── Available data
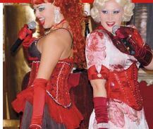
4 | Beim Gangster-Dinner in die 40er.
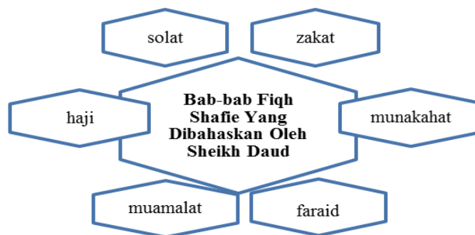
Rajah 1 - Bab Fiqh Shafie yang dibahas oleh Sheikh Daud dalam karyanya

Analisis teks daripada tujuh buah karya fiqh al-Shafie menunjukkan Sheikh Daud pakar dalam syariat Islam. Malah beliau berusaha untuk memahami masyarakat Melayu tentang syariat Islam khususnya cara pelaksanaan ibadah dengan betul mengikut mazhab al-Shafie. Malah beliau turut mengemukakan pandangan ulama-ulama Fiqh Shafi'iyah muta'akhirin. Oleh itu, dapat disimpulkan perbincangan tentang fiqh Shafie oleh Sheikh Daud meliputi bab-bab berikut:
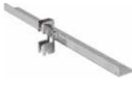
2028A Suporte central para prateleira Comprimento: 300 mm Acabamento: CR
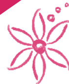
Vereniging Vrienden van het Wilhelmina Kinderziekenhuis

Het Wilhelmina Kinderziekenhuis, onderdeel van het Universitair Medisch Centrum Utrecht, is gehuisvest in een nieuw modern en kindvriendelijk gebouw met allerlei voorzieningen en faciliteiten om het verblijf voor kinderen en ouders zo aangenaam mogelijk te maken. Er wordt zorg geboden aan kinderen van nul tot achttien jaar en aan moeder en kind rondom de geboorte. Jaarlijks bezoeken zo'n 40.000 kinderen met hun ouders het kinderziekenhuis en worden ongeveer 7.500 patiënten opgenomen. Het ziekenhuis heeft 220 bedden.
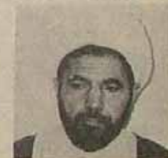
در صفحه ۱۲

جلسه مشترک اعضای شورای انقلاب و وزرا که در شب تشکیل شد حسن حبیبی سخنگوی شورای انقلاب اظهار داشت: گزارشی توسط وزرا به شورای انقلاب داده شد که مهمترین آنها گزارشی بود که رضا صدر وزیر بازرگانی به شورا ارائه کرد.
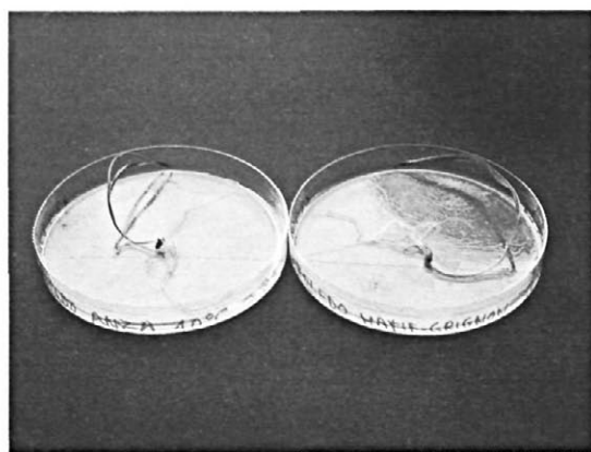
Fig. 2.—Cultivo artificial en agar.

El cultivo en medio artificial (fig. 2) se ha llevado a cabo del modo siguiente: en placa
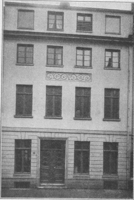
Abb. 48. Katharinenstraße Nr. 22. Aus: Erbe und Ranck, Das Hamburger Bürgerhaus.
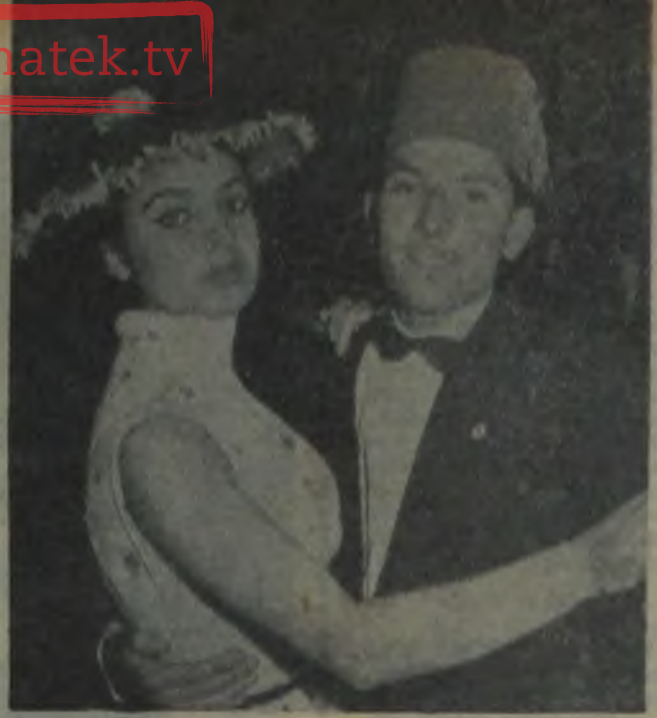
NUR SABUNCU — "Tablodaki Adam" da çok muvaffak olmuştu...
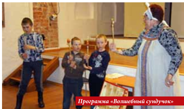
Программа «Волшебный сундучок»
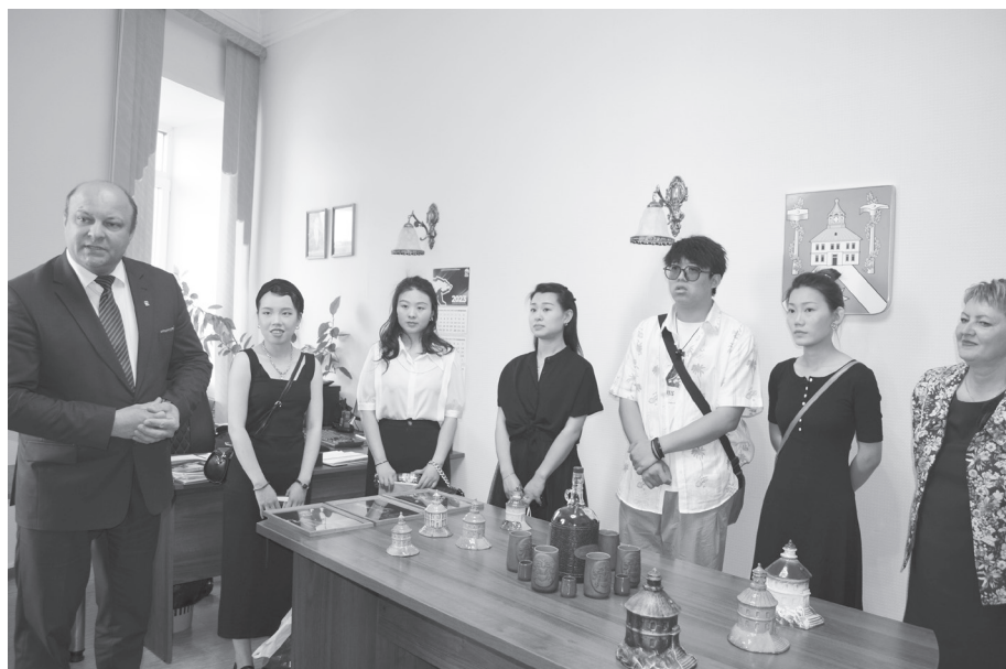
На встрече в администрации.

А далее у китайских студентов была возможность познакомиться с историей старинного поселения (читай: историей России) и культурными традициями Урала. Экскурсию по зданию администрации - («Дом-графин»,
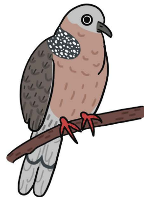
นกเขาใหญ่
────
== Task statement ==
What to print is the stretch of entries from the line with "Analisis teks daripada" up to and including the line with "Abb. 48. Katharinenstraße". Please print it exactly and leave out the pictures.

== Response box ==
Analisis teks daripada tujuh buah karya fiqh al-Shafie menunjukkan Sheikh Daud pakar dalam syariat Islam. Malah beliau berusaha untuk memahami masyarakat Melayu tentang syariat Islam khususnya cara pelaksanaan ibadah dengan betul mengikut mazhab al-Shafie. Malah beliau turut mengemukakan pandangan ulama-ulama Fiqh Shafi'iyah muta'akhirin. Oleh itu, dapat disimpulkan perbincangan tentang fiqh Shafie oleh Sheikh Daud meliputi bab-bab berikut:
2028A Suporte central para prateleira Comprimento: 300 mm Acabamento: CR
Vereniging Vrienden van het Wilhelmina Kinderziekenhuis

Het Wilhelmina Kinderziekenhuis, onderdeel van het Universitair Medisch Centrum Utrecht, is gehuisvest in een nieuw modern en kindvriendelijk gebouw met allerlei voorzieningen en faciliteiten om het verblijf voor kinderen en ouders zo aangenaam mogelijk te maken. Er wordt zorg geboden aan kinderen van nul tot achttien jaar en aan moeder en kind rondom de geboorte. Jaarlijks bezoeken zo'n 40.000 kinderen met hun ouders het kinderziekenhuis en worden ongeveer 7.500 patiënten opgenomen. Het ziekenhuis heeft 220 bedden.
در صفحه ۱۲

جلسه مشترک اعضای شورای انقلاب و وزرا که در شب تشکیل شد حسن حبیبی سخنگوی شورای انقلاب اظهار داشت: گزارشی توسط وزرا به شورای انقلاب داده شد که مهمترین آنها گزارشی بود که رضا صدر وزیر بازرگانی به شورا ارائه کرد.
Fig. 2.—Cultivo artificial en agar.

El cultivo en medio artificial (fig. 2) se ha llevado a cabo del modo siguiente: en placa
Abb. 48. Katharinenstraße Nr. 22. Aus: Erbe und Ranck, Das Hamburger Bürgerhaus.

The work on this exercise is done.